§ To do: Once the line holding "Загадки по математике" is found in the entries below, transcribe exactly every line up to and including the one holding "повідомлення про перебування", but leave out the pictures.

+++ Data to process +++

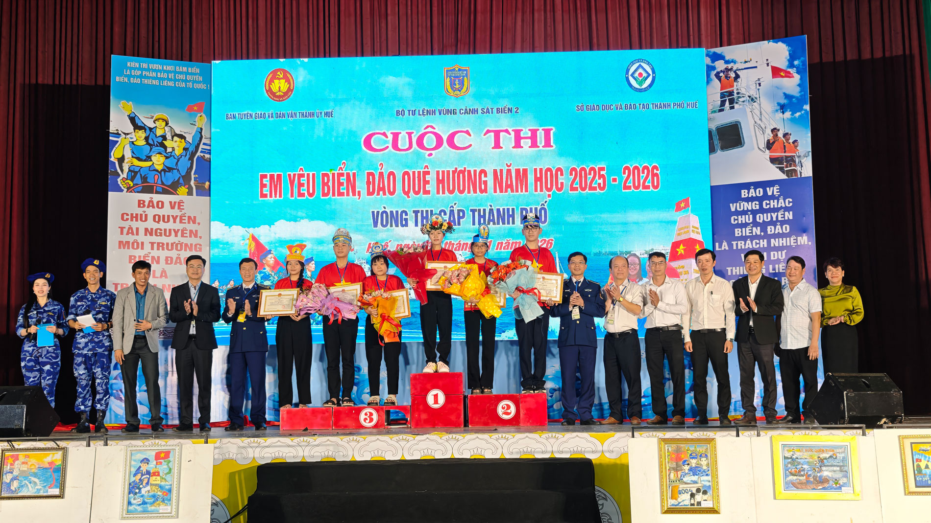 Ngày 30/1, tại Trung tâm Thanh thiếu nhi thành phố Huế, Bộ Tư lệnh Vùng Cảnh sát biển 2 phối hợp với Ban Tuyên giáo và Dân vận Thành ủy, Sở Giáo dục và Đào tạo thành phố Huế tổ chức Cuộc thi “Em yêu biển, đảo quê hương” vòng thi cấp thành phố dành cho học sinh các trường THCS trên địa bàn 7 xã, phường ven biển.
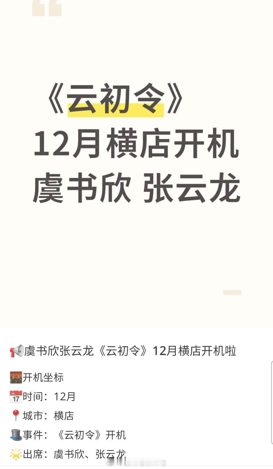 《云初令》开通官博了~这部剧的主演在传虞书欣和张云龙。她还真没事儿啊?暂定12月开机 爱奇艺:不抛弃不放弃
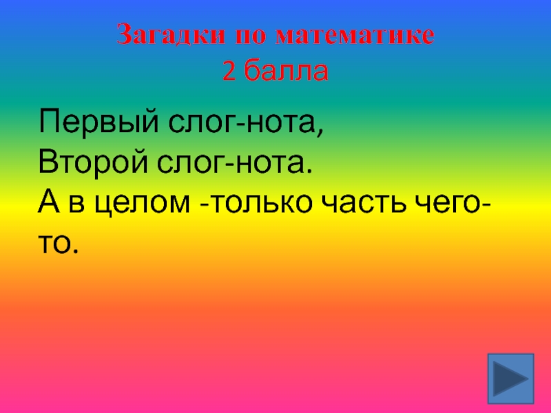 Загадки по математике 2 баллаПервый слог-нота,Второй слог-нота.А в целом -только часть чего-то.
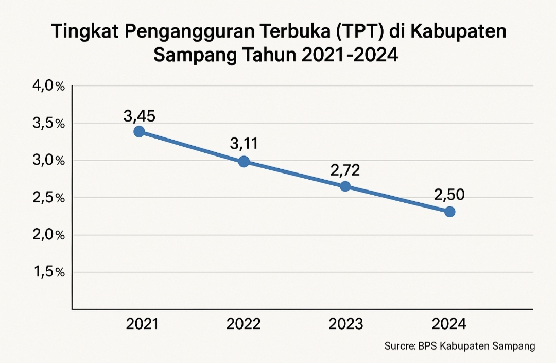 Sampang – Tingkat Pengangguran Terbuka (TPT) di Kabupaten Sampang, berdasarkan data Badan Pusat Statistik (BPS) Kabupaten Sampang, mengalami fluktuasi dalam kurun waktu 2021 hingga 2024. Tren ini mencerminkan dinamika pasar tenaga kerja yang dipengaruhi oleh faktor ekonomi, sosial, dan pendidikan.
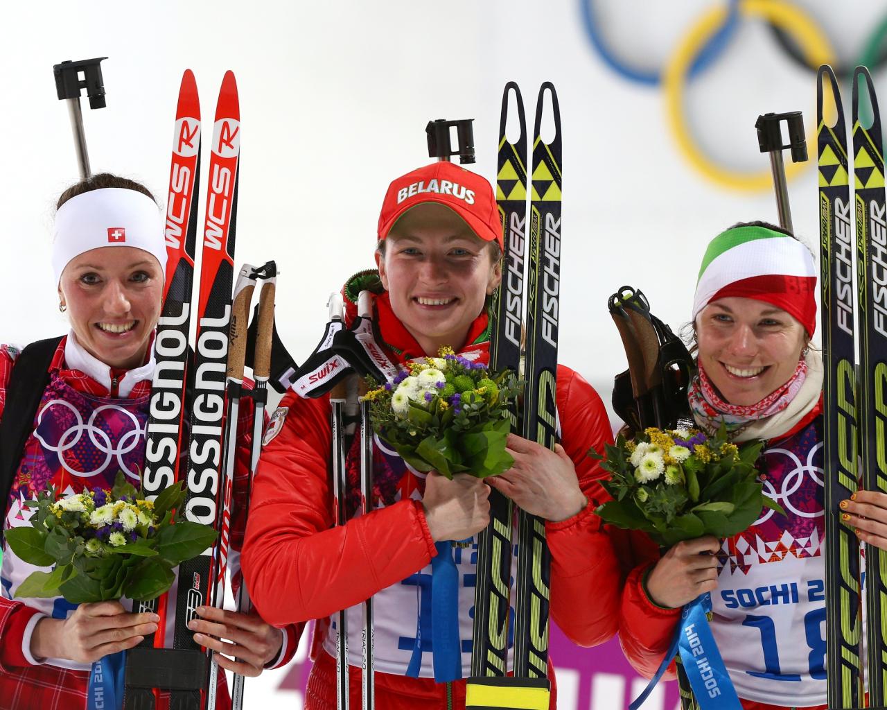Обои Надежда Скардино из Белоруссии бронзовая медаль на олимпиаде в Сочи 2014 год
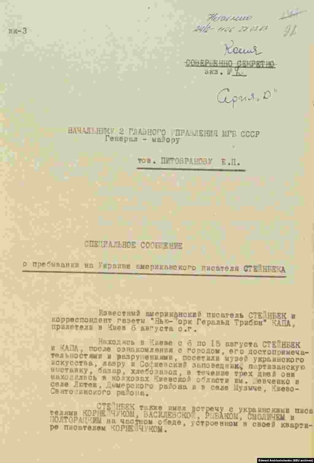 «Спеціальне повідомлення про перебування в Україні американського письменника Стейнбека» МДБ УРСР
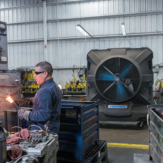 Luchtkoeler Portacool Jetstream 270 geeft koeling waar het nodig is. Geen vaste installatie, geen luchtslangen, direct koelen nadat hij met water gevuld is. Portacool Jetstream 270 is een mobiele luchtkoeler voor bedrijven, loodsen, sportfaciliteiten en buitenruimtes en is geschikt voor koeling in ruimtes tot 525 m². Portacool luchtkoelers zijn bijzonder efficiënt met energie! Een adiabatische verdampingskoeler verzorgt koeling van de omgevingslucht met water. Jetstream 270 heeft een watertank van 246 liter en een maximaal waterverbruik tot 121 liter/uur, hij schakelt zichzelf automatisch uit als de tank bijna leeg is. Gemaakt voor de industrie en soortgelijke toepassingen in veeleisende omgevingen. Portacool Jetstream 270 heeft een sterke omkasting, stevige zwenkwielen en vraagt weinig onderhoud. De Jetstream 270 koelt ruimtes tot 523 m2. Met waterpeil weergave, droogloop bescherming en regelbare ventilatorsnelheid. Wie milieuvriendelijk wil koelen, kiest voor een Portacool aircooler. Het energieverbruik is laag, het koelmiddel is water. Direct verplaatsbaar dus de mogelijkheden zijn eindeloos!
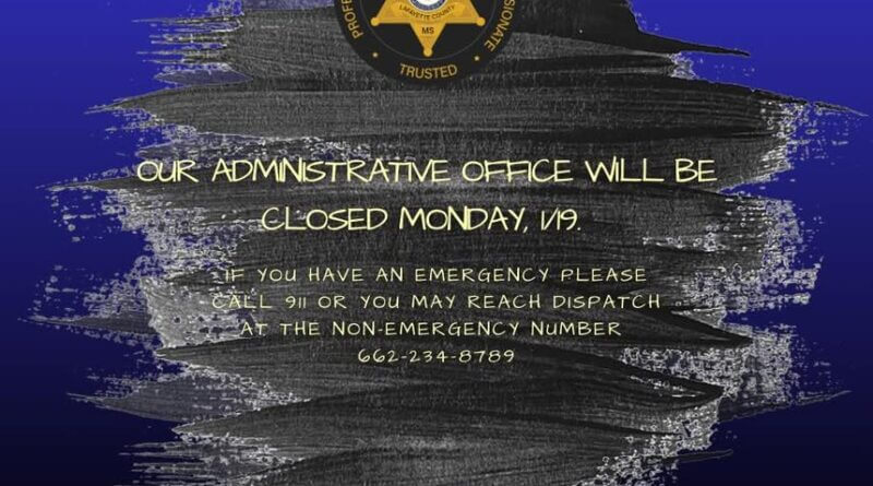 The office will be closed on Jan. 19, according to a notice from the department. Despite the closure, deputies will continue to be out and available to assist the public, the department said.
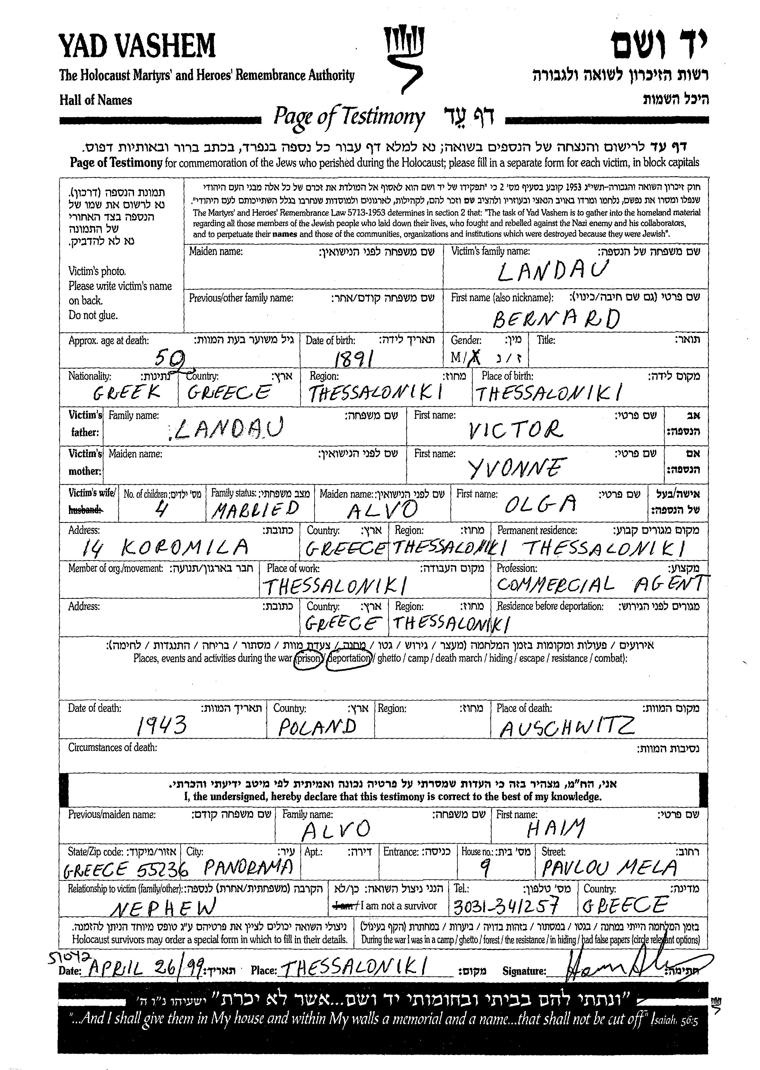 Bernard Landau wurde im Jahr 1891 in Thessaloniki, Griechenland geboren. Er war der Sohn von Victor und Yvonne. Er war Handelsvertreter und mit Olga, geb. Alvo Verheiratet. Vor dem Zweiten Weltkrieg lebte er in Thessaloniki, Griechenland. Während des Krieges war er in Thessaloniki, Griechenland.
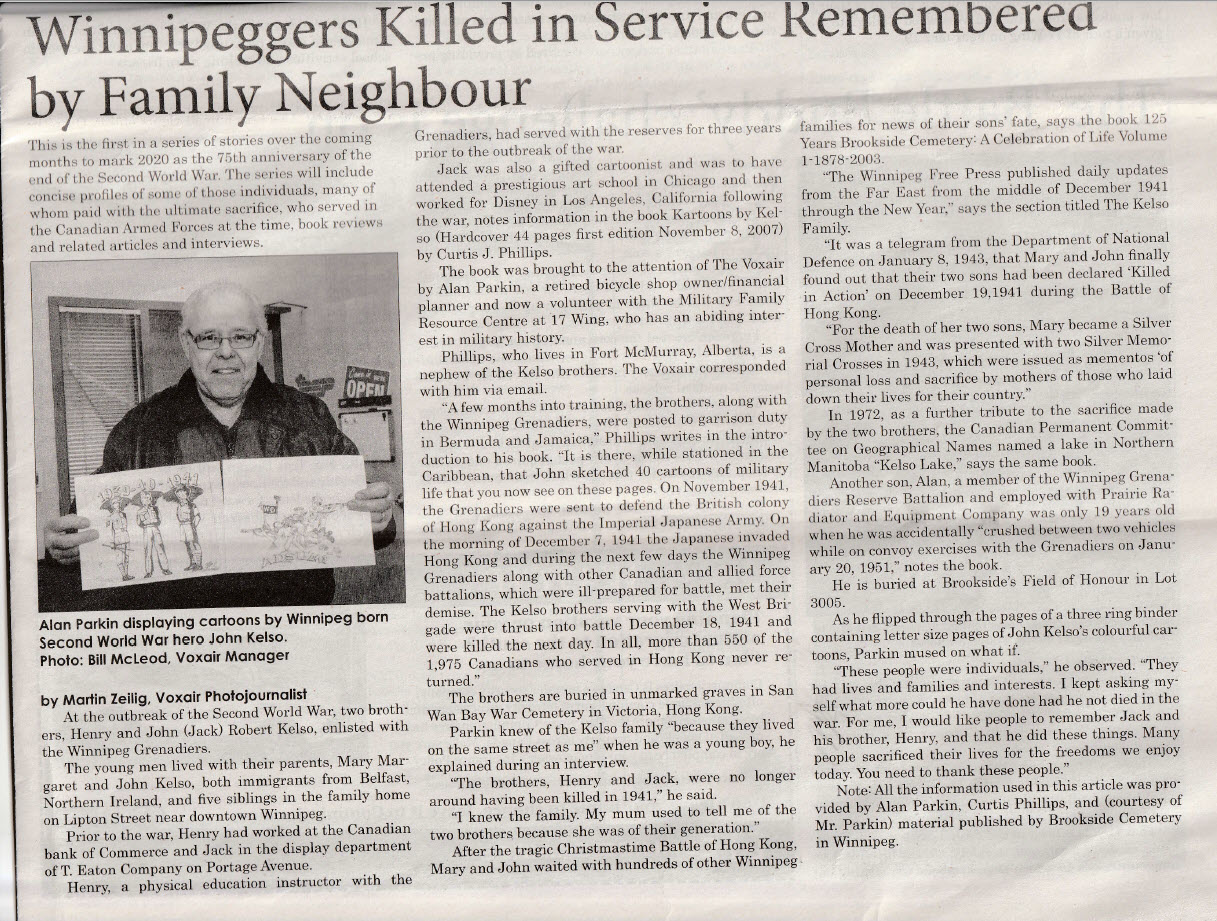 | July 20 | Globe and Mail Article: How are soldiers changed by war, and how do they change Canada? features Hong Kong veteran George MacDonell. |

+++

§ Output below:
 Загадки по математике 2 баллаПервый слог-нота,Второй слог-нота.А в целом -только часть чего-то.
 Sampang – Tingkat Pengangguran Terbuka (TPT) di Kabupaten Sampang, berdasarkan data Badan Pusat Statistik (BPS) Kabupaten Sampang, mengalami fluktuasi dalam kurun waktu 2021 hingga 2024. Tren ini mencerminkan dinamika pasar tenaga kerja yang dipengaruhi oleh faktor ekonomi, sosial, dan pendidikan.
Обои Надежда Скардино из Белоруссии бронзовая медаль на олимпиаде в Сочи 2014 год
 «Спеціальне повідомлення про перебування в Україні американського письменника Стейнбека» МДБ УРСР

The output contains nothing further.